Ralph gasped in mock surprise. “Sir, I am offended. Order a stripper? On Joel’s stag night? Who’d have thought of such an idea?”
Frank folded his arms. “Did you?”
Ralph smiled. “I didn’t order a stripper. Wish I had done, though.”
“Good,” said Joel. “Where’s Magnus?”
Ralph took a gulp of beer. “He’s in the living room playing on the Xbox. Poor bloke needs a break from that wife of his. She sent him a text a minute ago saying he was neglecting his marital duties.”
Frank shook his head. “Bloody hell, that’s harsh.”
“Is she back on medication?” Joel asked.
“She should be.”
“She’s always had problems, even before she married Magnus,” said Ralph. “Everyone knows she’s crazy.”
“She’s bipolar, not crazy,” said Frank.
“Not to mention she weighs about twenty stone.”
Frank opened two beers, handed one to Joel.
Ralph scratched his beard. “Did you bring any toilet roll?”
* * *
They downed a round of shots, grimacing as the vodka burned in their throats. Frank welcomed the buzz from the alcohol. He had sent a text to Catherine; a simple message of affection. He touched his wedding ring with his thumb; it had dulled slightly over six years.

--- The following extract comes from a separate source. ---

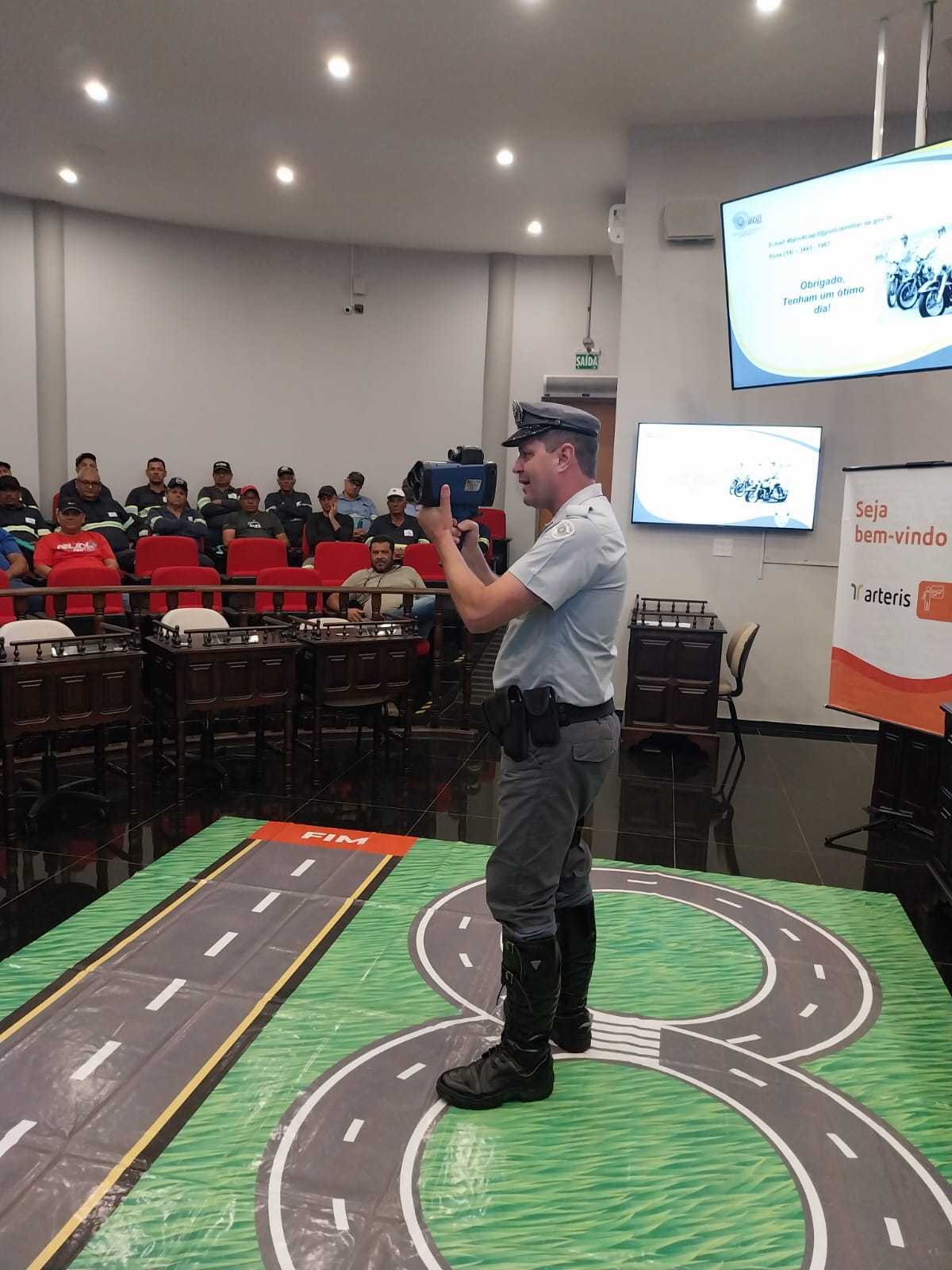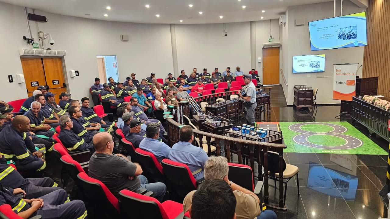 Ao todo, 77 colaboradores foram orientados pelo coordenador de Operações Reginaldo Pereira, pela analista de Projetos Educacionais Cintia Viana e pelo cabo Marcel, do Policiamento Rodoviário.

Being the groom, Joel would have the master bedroom with its king-sized bed; the others had to pull straws for the remaining two bedrooms.
Ralph pulled the short straw.
“Unlucky, mate,” said Magnus, smirking.
“Yeah, bad luck, bud.” Frank swigged a beer.
Ralph shrugged. “Doesn’t matter. I’ll take the sofa. Slept in worse places.”
* * *
They formed a circle in the living room. More shots of vodka.
Frank raised his glass. “To Joel: may he be a brave man in the years ahead. May he have the strength to fight the good fight.”
“May he rest in peace,” said Ralph.
“May the Lord have mercy on his soul,” said Magnus.
“Amen,” they said together, heads bowed.
Then they laughed.
They downed their shots. Joel was last to finish. He patted his chest, screwed up his face.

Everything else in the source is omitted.